I swim around a lot in the "XML High Priesthood" pool, and the latest new thing is this: AI (sucking down unstructured documents) isn't capable of efficient functioning without Knowledge Graph, and donchaknow a complex XML schema and a knowledge graph are practically the same thing.
So they're glueing on some new functionality to try and get writer teams to take the plunge and - same old same old - buy multimillion dollar tools to make PDFs with. One sign of a terminal bagholder is seeing the same tech come up every few years with the latest fashionable thing stapled on its face. They went through a "blockchain" phase too, where all the individual document elements would be addressable "through the chain".
Anyway . . .
Anyway, thing is, there's a teensy shred of truth in what they're saying, but everything else about what they're suggesting would, I think, either not work at all, or make retrieval even less dependable. Also, to do what they're trying to do, you don't actually need a gigantic full on XML schema. Using Asciidoc roles consistently would get you the same benefit, and would save a hell of a lot of space in a very limited window.
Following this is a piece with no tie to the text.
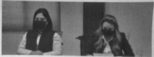
Síndicos y Regidores del Municipio de Apodaca invitan a la ciudadanía para la próxima entrega de la Medalla al Mérito Cívico Profr. Moisés Sáenz Garza

deporte, actividad pública y social. Los interesados pueden inscribir a sus candidatos en la Presidencia Municipal a partir del próximo 14 de febrero y hasta el 7 de marzo, en horarios de 8:00 a 17:00 horas, de lunes a viernes.

Additionally, when you have strict input token limits: it’s way easier to chunk Markdown while keeping track of context than it is to chunk HTML at all.
Let's see... the linked arXiv article has been withdrawn by the author with the following comment:
> Contains inappropriately sourced conjecture of OpenAI's ChatGPT parameter count from this http URL, a citation which was omitted. The authors do not have direct knowledge or verification of this information, and relied solely on this article, which may lead to public confusion
I think YAML actually uses more tokens than JSON without indents, especially with deep data. For example "," being a single token makes JSON quite compact.